Temporal dynamics of stimulated emission with applications in nuclear quantum optics

TL;DR

This paper investigates the temporal behavior of stimulated emission in nuclear systems, focusing on x-ray interactions with nuclei, and proposes methods to detect stimulated emission amidst background noise, with potential applications in nuclear quantum optics.

Contribution

It introduces new detection strategies for stimulated emission in nuclear systems and explores phase-sensitive control in low-excitation regimes, advancing nuclear quantum optics research.

Findings

Stimulated emission overlaps with stimulating pulses, complicating detection.
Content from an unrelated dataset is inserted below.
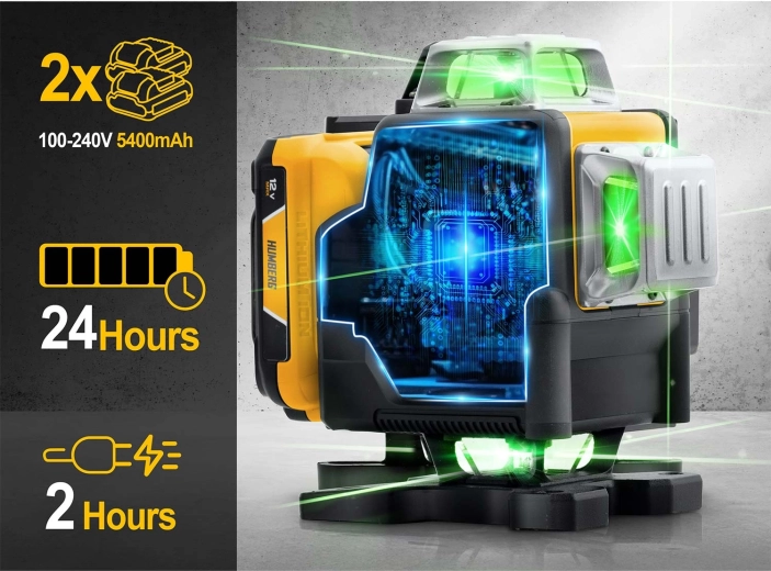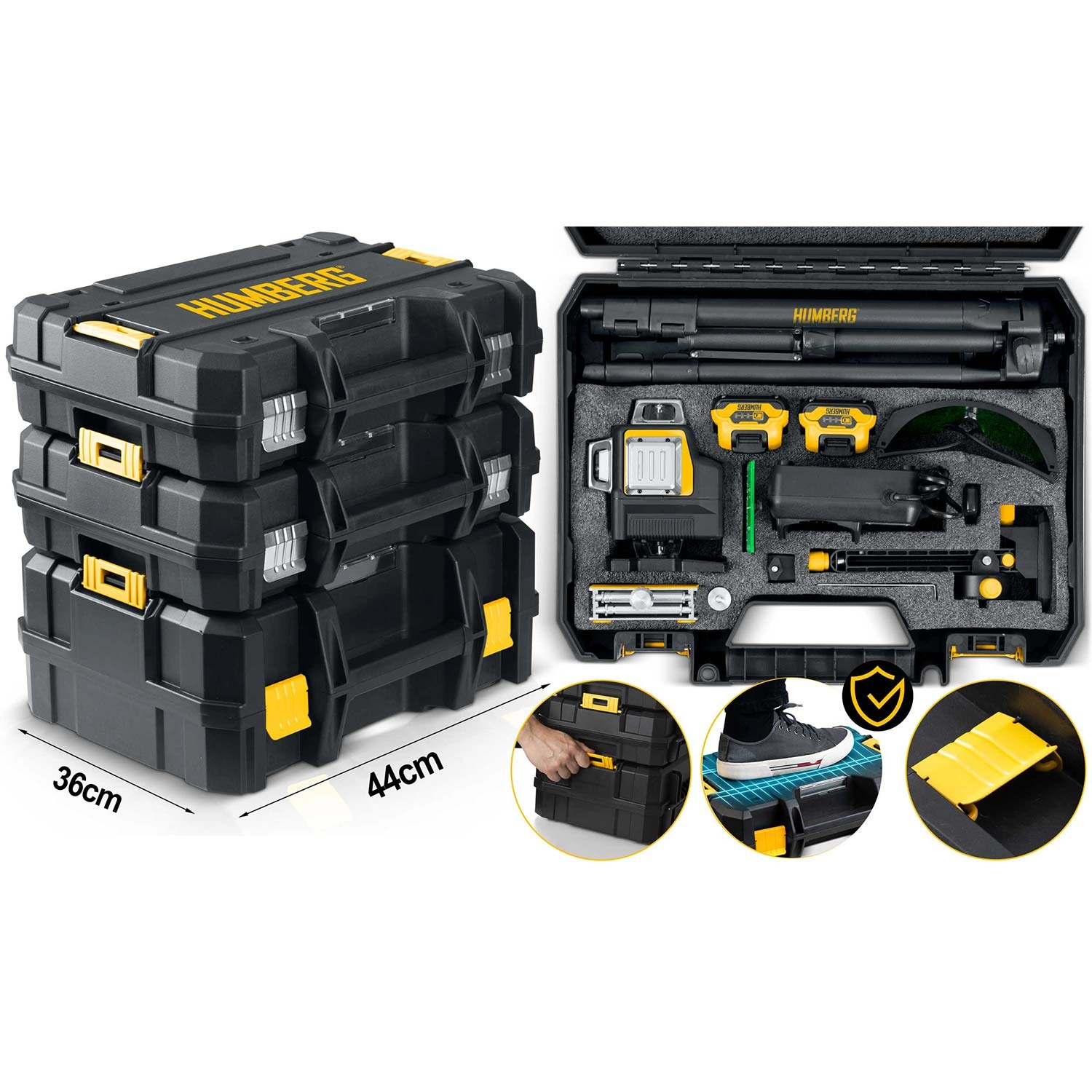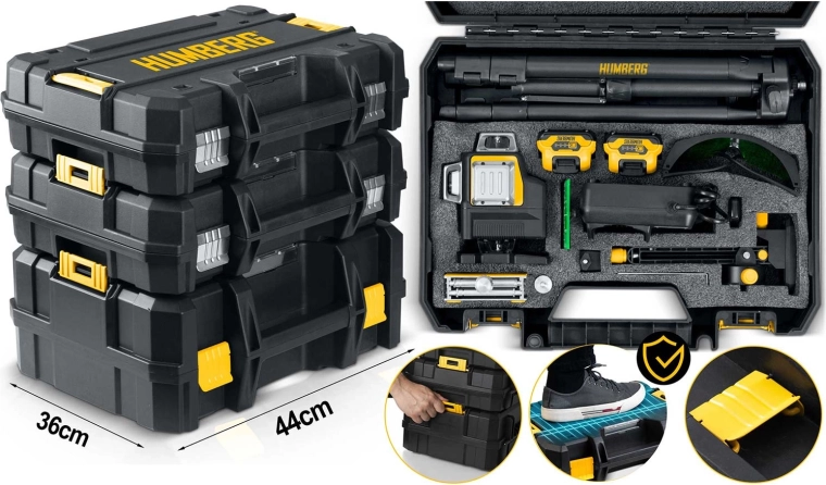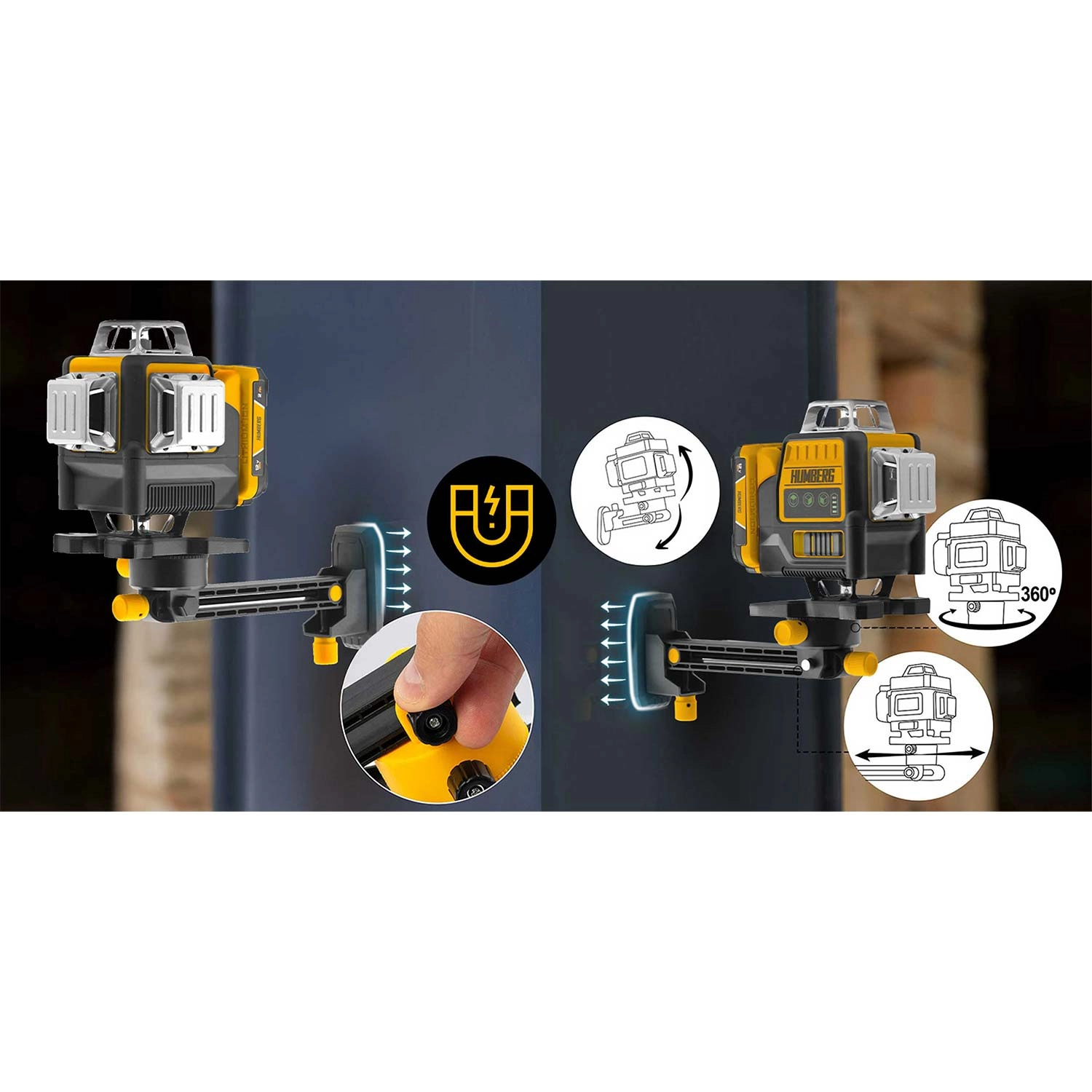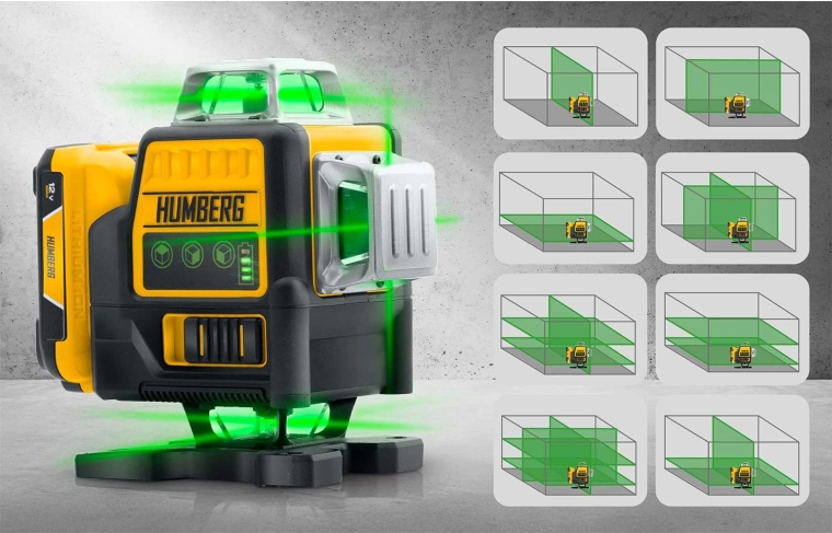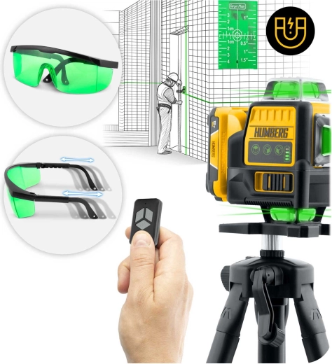 HUMBERG HM-171 er et præcist 4D laser-nivelleringsapparat til krævende fagfolk og gør-det-selv-brugere. Den grønne stråle (515 nm) er meget synlig selv i stærkt lys, og 16 linjer muliggør hurtig og detaljeret udligning af horisontaler og verticaler i ét rum. Takket være selvnivelering arbejder du uden tidskrævende opsætning og med garanti for perfekt plan.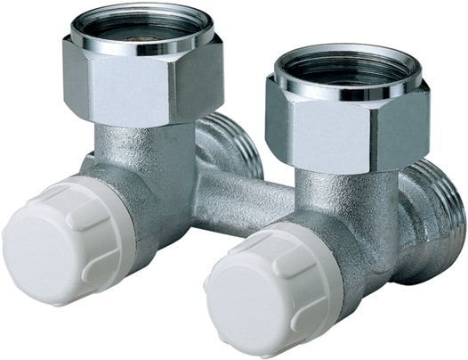 Узел нижнего подключения угловой 3/4" (euroconus), с регулируемым байпасом для стальных панельных радиаторов.

Reduced delayed scattered light intensity can serve as an alternative signature.

Phase-sensitive methods enable better control and detection of stimulated emission.

Abstract

The temporal dynamics of stimulated emission is studied, with the particular emphasis on stimulated emission induced by x-ray pulses interacting with nuclei. In typical nuclear forward scattering experiments, the short incident x-ray pulse is accompanied by a huge number of off-resonant background photons. This prompts the question, if stimulated emission can be observed in the delayed nuclear scattering signal which is emitted after the incident pulse has passed. We find that the stimulated photons essentially overlap with the stimulating pulse. To overcome this problem, we identify the reduction of the delayed scattered light intensity as alternative signature for the stimulated emission. We further study a phase-sensitive variant of stimulated emission in the low-excitation regime, which provides convenient control parameters to facilitate the detection. Finally, we analyze the possibility to observe stimulated emission in nuclei driven by free electron lasers or synchrotron radiation sources.